#### WHAT YOU NEED TO DO:
No pictures belong in the copy. Retype exactly, and only, the stretch of lines below from the one with "12. May 1843." through the one with "PATENT PENDING SDM".

#### MATERIAL PROVIDED:
• • • •

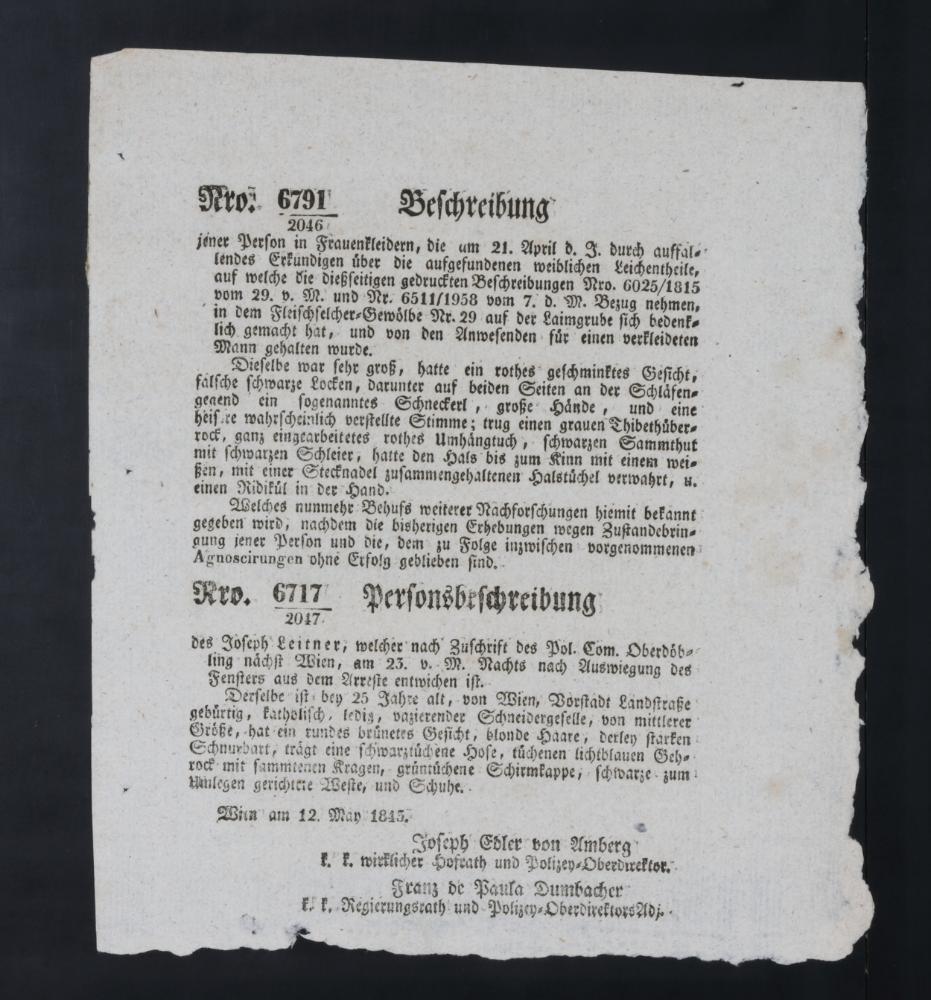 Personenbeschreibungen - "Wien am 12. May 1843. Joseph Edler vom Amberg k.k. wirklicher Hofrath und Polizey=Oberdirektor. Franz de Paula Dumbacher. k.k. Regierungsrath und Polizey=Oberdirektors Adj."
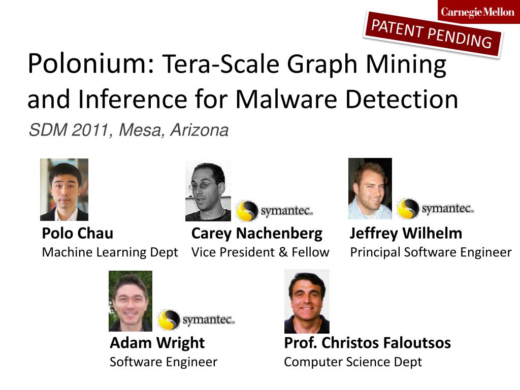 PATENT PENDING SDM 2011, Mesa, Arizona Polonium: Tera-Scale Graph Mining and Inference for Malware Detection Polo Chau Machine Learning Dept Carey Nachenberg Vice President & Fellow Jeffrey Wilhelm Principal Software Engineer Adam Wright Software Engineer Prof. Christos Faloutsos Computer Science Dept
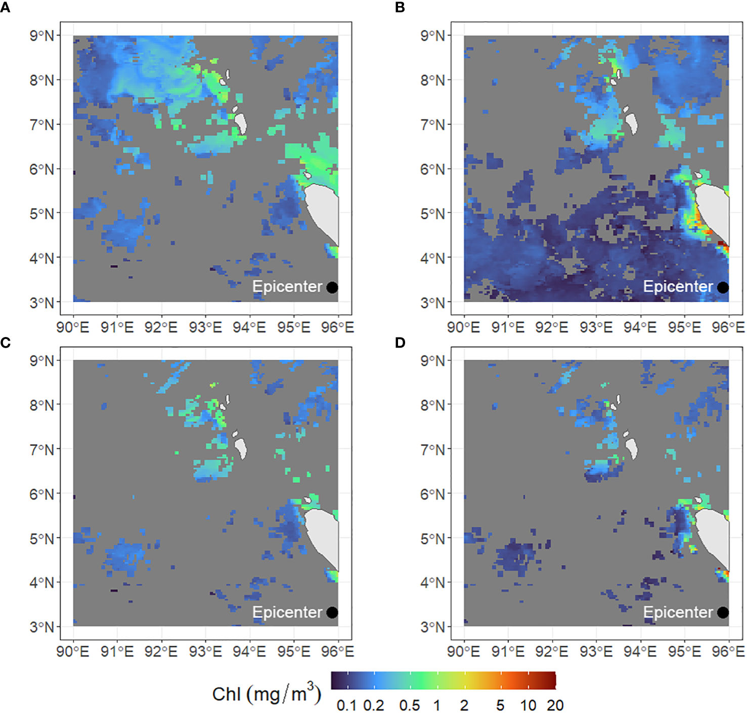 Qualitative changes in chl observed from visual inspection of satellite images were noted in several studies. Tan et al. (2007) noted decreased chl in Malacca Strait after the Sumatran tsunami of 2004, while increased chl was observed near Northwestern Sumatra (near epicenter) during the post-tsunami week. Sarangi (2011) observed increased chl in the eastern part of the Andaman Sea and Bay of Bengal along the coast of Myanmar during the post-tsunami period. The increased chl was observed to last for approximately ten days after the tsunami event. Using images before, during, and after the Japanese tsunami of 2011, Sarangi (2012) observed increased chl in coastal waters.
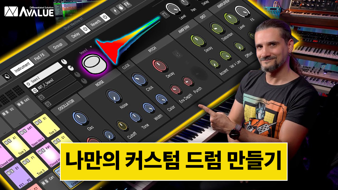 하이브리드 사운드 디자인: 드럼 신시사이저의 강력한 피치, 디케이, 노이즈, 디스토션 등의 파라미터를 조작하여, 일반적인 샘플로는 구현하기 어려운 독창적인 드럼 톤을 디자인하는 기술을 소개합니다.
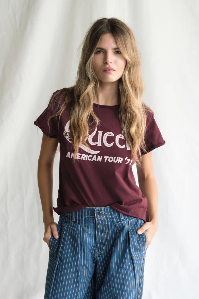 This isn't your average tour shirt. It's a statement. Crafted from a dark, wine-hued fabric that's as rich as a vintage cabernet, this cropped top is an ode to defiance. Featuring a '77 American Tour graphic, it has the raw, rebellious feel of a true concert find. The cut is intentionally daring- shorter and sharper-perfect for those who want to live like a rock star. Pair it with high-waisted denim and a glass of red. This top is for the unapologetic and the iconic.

• • • •

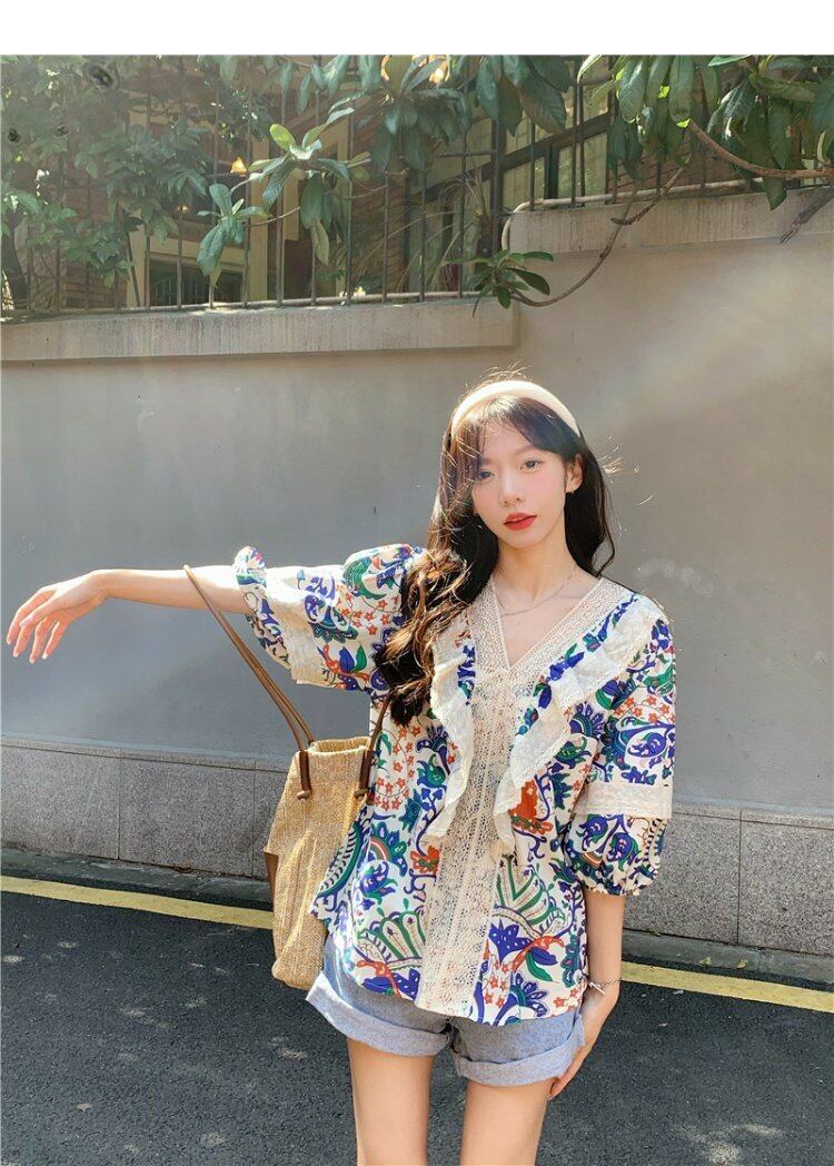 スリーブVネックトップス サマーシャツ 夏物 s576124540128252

• • • •

#### RESPONSE BELOW:
 Personenbeschreibungen - "Wien am 12. May 1843. Joseph Edler vom Amberg k.k. wirklicher Hofrath und Polizey=Oberdirektor. Franz de Paula Dumbacher. k.k. Regierungsrath und Polizey=Oberdirektors Adj."
 PATENT PENDING SDM 2011, Mesa, Arizona Polonium: Tera-Scale Graph Mining and Inference for Malware Detection Polo Chau Machine Learning Dept Carey Nachenberg Vice President & Fellow Jeffrey Wilhelm Principal Software Engineer Adam Wright Software Engineer Prof. Christos Faloutsos Computer Science Dept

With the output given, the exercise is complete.